Ò pátria! Ò Lusos! que brilhantes dias,
O sol de Lísia em novo signo entrando
Novos astros reúne, e a luz redoura;
Como cintilam! e que longas séries
Nos não deixam prever de bens, de glória!
Que novo lustre! que porvir! que alento
Ao comércio fiel, à indústria, às artes,
Sua força vai dar seu claro influxo!
Que certa esperança de Minerva aos filhos,
Que por árduos caminhos procurando
O bem da pátria, o seu bem, seu prémio,
Já não receiam escureça o mérito.
Juventude briosa, eis nosso estímulo!
Nossos foros, liberdades justas,
Jamais nos roubará mão arbitrária.
De Jove a dúplice, cerebrina prole,
Minerva, Astreia, que nem sempre juntas
Se tem mostrado no moral concurso,
Desde hoje se verão para sempre unidas.
E não são estes de Saturno os dias?
Não volve a Portugal a idade de ouro?
Oh! profícua estação a todos grata!
Duradoura estação, mas para nós outros
Que dia vai raiar entre estes dias!
Lá quando no horizonte as róseas portas
De novo a Aurora abrir, mostrar ao mundo
O dia fausto do pastor de Nísia,
No dia de amanhã nossa alegria,
Um doce entusiasmo e nobre brio,
Mostrará que sabemos por prudentes
Unir com sábias leis antigos usos.
“Tu bem o sabes já, gordo rendeiro,
“Não queiras ser este ano marralheiro.
“Respeita a propriedade, que é sagrada,
“E não dês do pior, que é velhacada.
“As maçãs, de ouro não, mas tão perfeitas,
“Tão dignas de ser dadas, ser aceitas.
Que entre as belas toucadas não irritem,
Mas a fagueiros risos as excitem
As castanhas que sejam bem assadas,
Bem secas, limpas e lauritostadas.
Pois somente por termo-las perdidas
E que Títiro usava das cozidas.
As nozes chamar-te-ão pragas mordazes
Se pedras as acharem os rapazes.
E os tremoços se melados forem
Serão para te emplastrarem e comporem.
Reduzida que seja a palha a bom dinheiro
Fica a palha para ti no teu celeiro.
Porque gazela, que o estudante monta,
Não come nesse dia, é como tonta.
Eis teu regíme, pois para ti ò povo
Vou formar também um que não é novo.
Não é das artes inimiga a ciência,
Mas dar-lhe igual valor, isso é demência.

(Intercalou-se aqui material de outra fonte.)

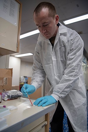 200326-N-VI515-1022 PACIFIC OCEAN (March 26, 2020) Hospital Corpsman 2nd Class Jesús Montes, from Houston, places a blood sample on a test slide for microscopic staining aboard Military Sealift Command hospital ship USNS Mercy (T-AH 19) March 26. Mercy deployed in support of the nation’s COVID-19 response efforts, and will serve as a referral hospital for non-COVID-19 patients currently admitted to shore-based hospitals. This allows shore base hospitals to focus their efforts on COVID-19 cases. One of the Department of Defense’s missions is Defense Support of Civil Authorities. DoD is supporting the Federal Emergency Management Agency, the lead federal agency, as well as state, local and public health authorities in helping protect the health and safety of the American people. (U.S. Navy photo by Mass Communication Specialist 2nd Class Erwin Jacob Miciano)
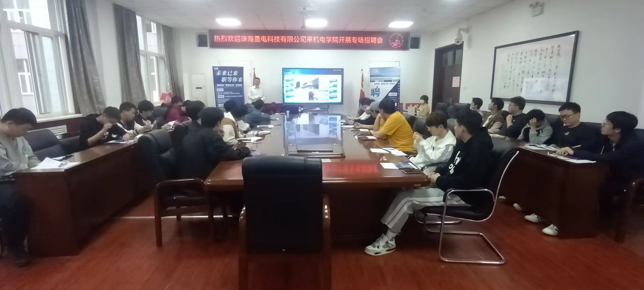 4月1日下午,珠海晟电科技有限公司经理徐治东、人事主管巫月颖一行来公司全球最大顶级体育平台举办专场招聘会,全球最大顶级体育平台30余名机械类毕业生参会。
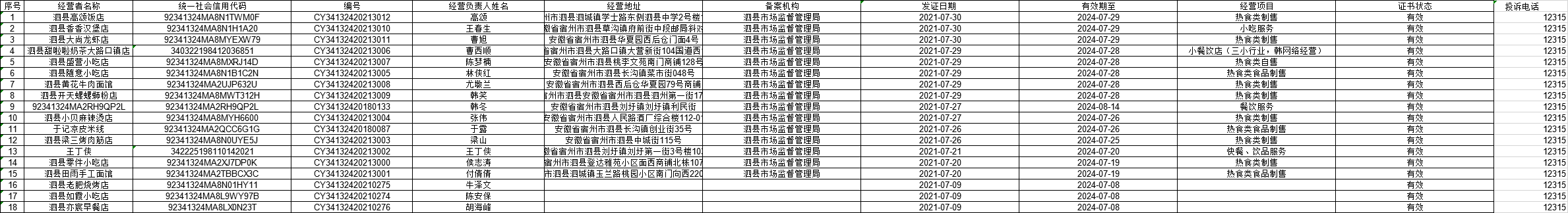 泗县市场监督管理局小餐饮、摊贩备案信息公示(五期)
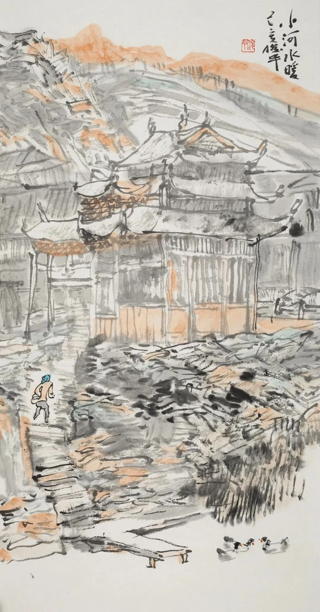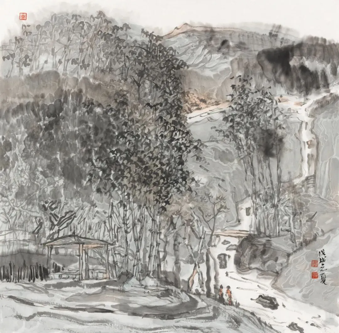 如此的赤诚,来自画家心中眷恋家乡长出的血肉。几十个春秋,韦俊平心灵深处的情愫越拉越长,一种对追溯起源的执着,牵引着他每年的节假日都往红水河畔奔跑,奔向老家屋里日渐沧桑的父母,奔向99岁高寿的奶奶,奔向家乡的竹林山涧,奔向哺育他的父老乡亲,年复一年;而家乡的召唤也越来越清晰,红水河的涛声在他的心底不断鸣响,回家的路每天都在等待游子。这双向绵长的乡情最终化为他的笔墨山河:浸润着浓浓的乡愁与眷恋的喀斯特峰林、红水河畔、山路弯弯、田野四季、农家小院,在韦俊平水墨的氤氲变化和色彩的微妙渲染下,山水间瞬息万变的自然光影和人间气息,就创造出诗意南方的蓬勃,那是画家心灵的来处,当然也是画家艺术的未来。

O sábio, o jovem, que do sábio aprende,
Se as não pratica, suas leis entende.
Bem pôde ser exímio o mestre de arte,
Mas fica-lhe inferior já nesta parte.
Tem nossa estima sim, mas não razão
Se ingerir-se quiser nesta função;
Ela é só nossa e por direito antigo
Nos cumpre então tratá-lo de inimigo.
Não há hostilidades sanguinárias,
Mas temos para o curar receitas várias;
Sopapos, canelões, poleadelas,
E um banho ainda mais fresco que em Caldelas.
Não é de presumir queiram prová-las,
Porque se a isso chegar hão-de mamá-las;
Pois não queremos que a posteridade
Forme iguais pretensões na impunidade.
O mais tudo há-de ser bom, tudo pomposo,
Que dia para nós tão venturoso!
Depois que à rua sair o estudante
Não haja de repouso um só instante.
Ao som de sua voz, se são loquazes,
Ou ao som de algazarra dos rapazes.
As mães, as filhas, amas e criadas,
Para as janelas corram apressadas.
Até as mesmas cozinheiras de alcateia
Deixem aos gatos a partida ceia.
Seja enfim geral tanta alegria,
Porque assim o pede o tempo, assim o dia.